Directions for this task ->
The result should be an exact copy of the data, free of pictures.

Information provided ->
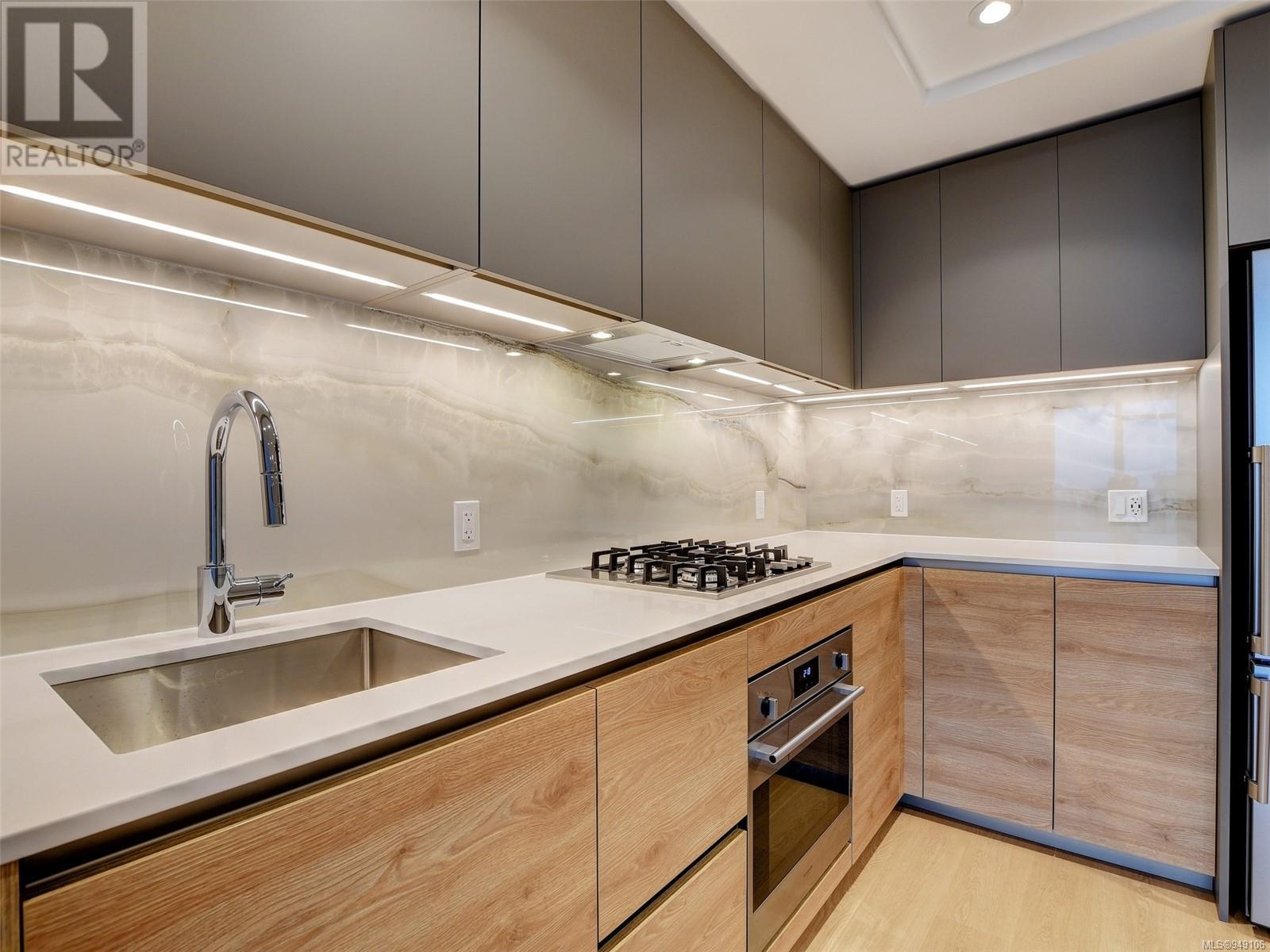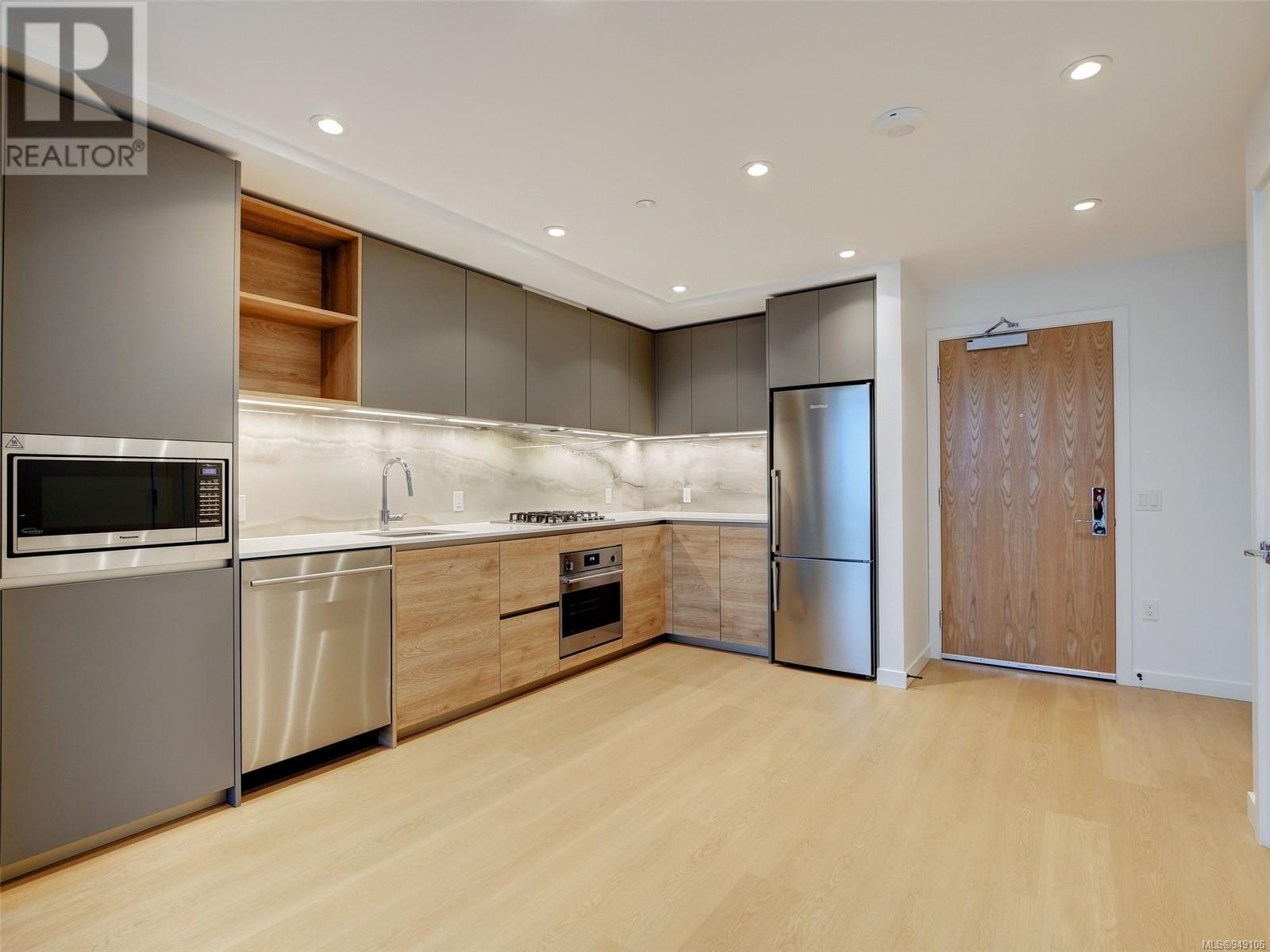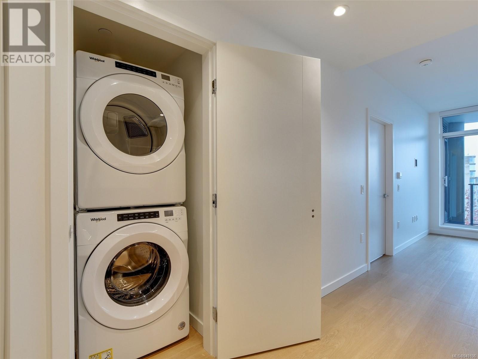 Welcome to Bosa’s newest eco-friendly steel and concrete condominium in Dockside Green, Tower One, perfectly designed for a “small footprint” lifestyle. This sub penthouse offers 1 bedroom with spa bath and enjoys fabulous ocean and mountain views with spectacular sunsets! The spacious kitchen is equipped with SS appliances, Stosa Italian cabinetry & quartz counter tops. The amenities in this complex are beyond compare! The common Roof top Terrace offers 360-degree views from the Inner to Outer harbours incl. Gorge waterway. There is a chill zone with firepit, two BBQs and dining areas. The large fitness centre is fully equipped with state-of-the-art equipment. The spacious multipurpose social lounge is an option for private gatherings. As pet friendly building it includes a doggy wash. A great benefit of this suite is the underground parking spot with dedicated EV charger. The location is superb, with shopping, restaurants & the Galloping Goose Trail at your door! (id:22211)
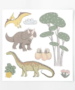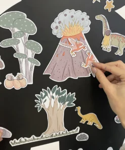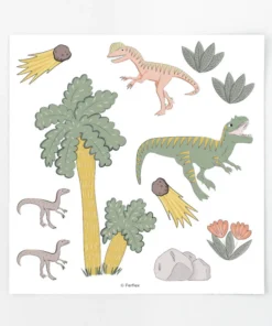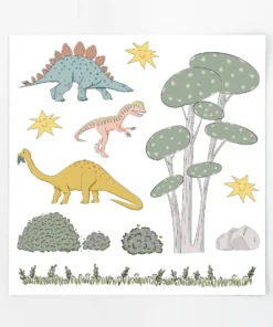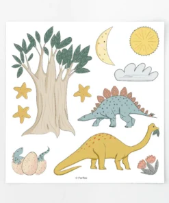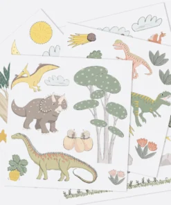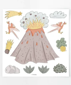 - Zusätzliche Elemente: Dino-Eier, Landschaft (Bäume, Felsen, Vulkan, Blattwerk) sowie Sterne, Sternschnuppen, Meteoriten
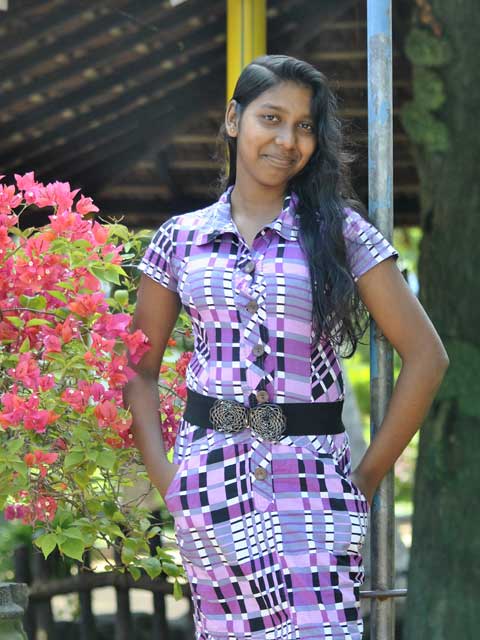 Die 14-jährige Pabodani gehört seit etwas mehr als einem halben Jahr zu unseren Engeln. Mit einer Größe von 1,55 m und einem Gewicht von 50 kg ist sie für ihr Alter recht weit entwickelt und wirkt schon eher wie eine junge Frau.
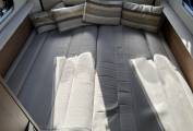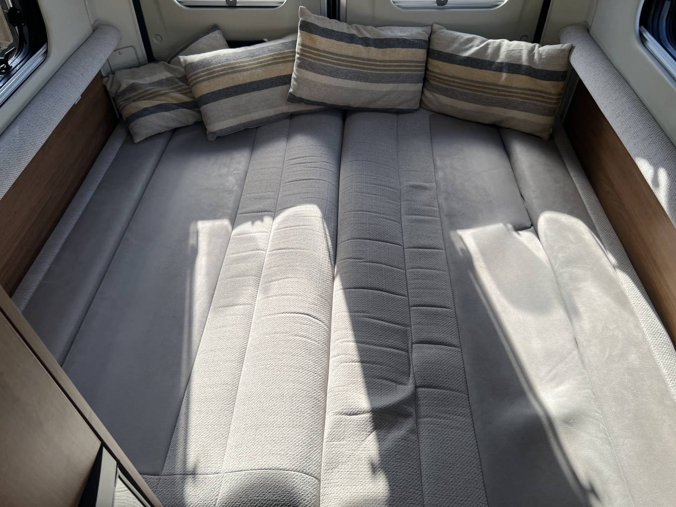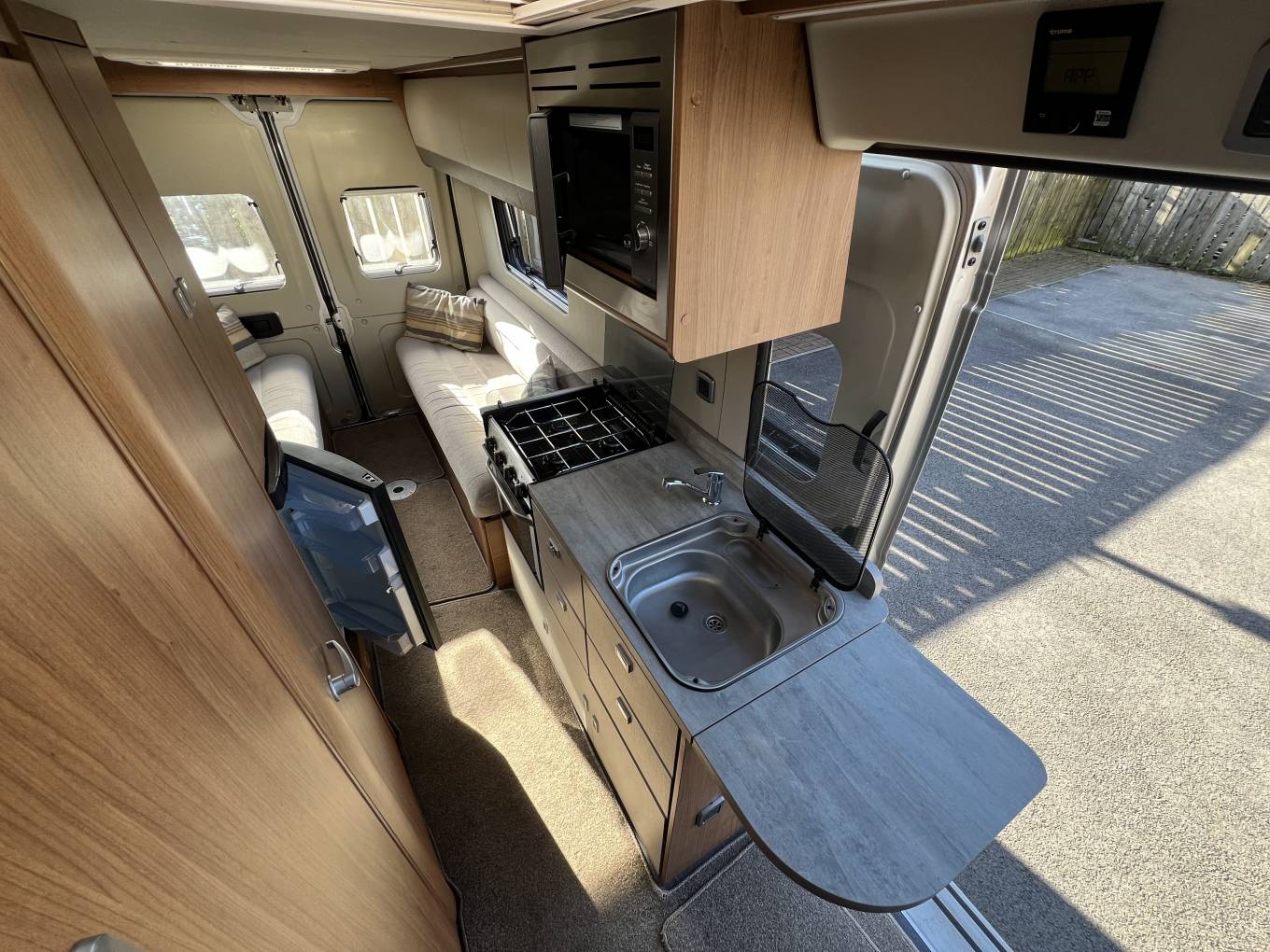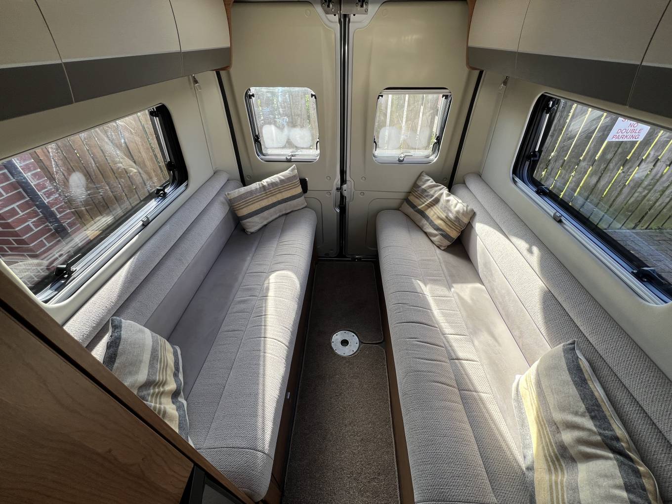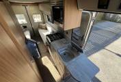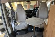The basic layout is rear lounge, with twin sofas that can be used as 2 single beds or large double, galley kitchen, with washroom opposite and 2 swivels seats up front

Task response ->
 Welcome to Bosa’s newest eco-friendly steel and concrete condominium in Dockside Green, Tower One, perfectly designed for a “small footprint” lifestyle. This sub penthouse offers 1 bedroom with spa bath and enjoys fabulous ocean and mountain views with spectacular sunsets! The spacious kitchen is equipped with SS appliances, Stosa Italian cabinetry & quartz counter tops. The amenities in this complex are beyond compare! The common Roof top Terrace offers 360-degree views from the Inner to Outer harbours incl. Gorge waterway. There is a chill zone with firepit, two BBQs and dining areas. The large fitness centre is fully equipped with state-of-the-art equipment. The spacious multipurpose social lounge is an option for private gatherings. As pet friendly building it includes a doggy wash. A great benefit of this suite is the underground parking spot with dedicated EV charger. The location is superb, with shopping, restaurants & the Galloping Goose Trail at your door! (id:22211)
 - Zusätzliche Elemente: Dino-Eier, Landschaft (Bäume, Felsen, Vulkan, Blattwerk) sowie Sterne, Sternschnuppen, Meteoriten
 Die 14-jährige Pabodani gehört seit etwas mehr als einem halben Jahr zu unseren Engeln. Mit einer Größe von 1,55 m und einem Gewicht von 50 kg ist sie für ihr Alter recht weit entwickelt und wirkt schon eher wie eine junge Frau.
The basic layout is rear lounge, with twin sofas that can be used as 2 single beds or large double, galley kitchen, with washroom opposite and 2 swivels seats up front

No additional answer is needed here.